-- Description of the task --
Find every line of the listing below where "Foundation" appears, and copy it.

-- Data supplied --
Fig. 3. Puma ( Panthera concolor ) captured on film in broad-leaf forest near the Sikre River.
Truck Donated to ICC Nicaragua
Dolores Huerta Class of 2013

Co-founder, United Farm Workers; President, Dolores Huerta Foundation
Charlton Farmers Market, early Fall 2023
...
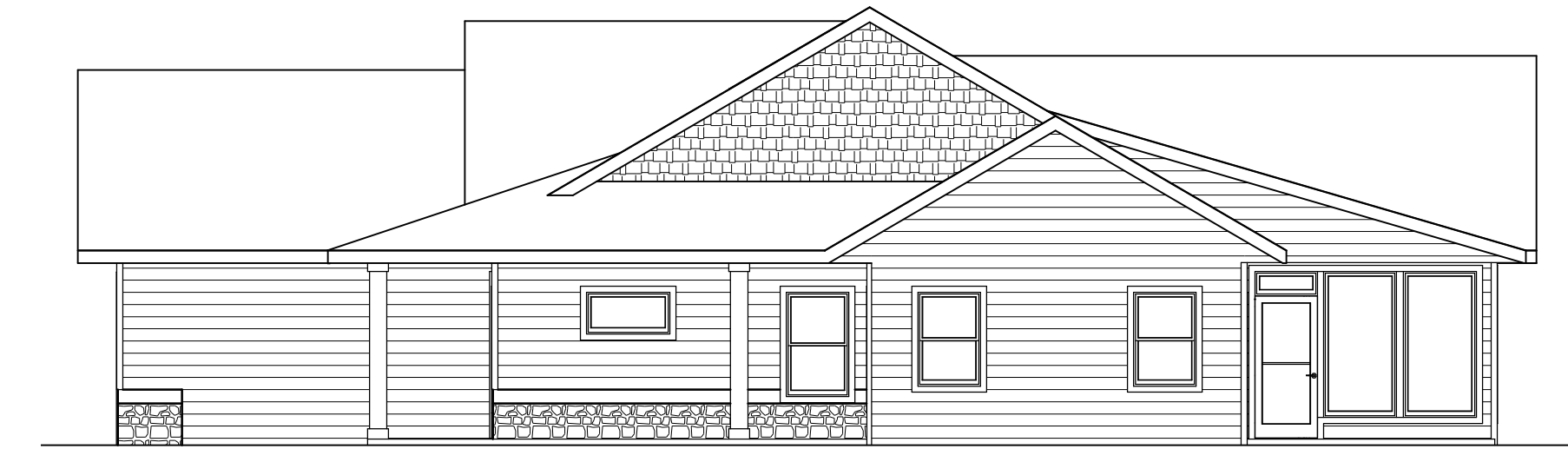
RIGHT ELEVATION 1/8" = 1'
---
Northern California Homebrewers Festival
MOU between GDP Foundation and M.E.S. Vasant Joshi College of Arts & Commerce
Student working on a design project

-- Response area --
Co-founder, United Farm Workers; President, Dolores Huerta Foundation
MOU between GDP Foundation and M.E.S. Vasant Joshi College of Arts & Commerce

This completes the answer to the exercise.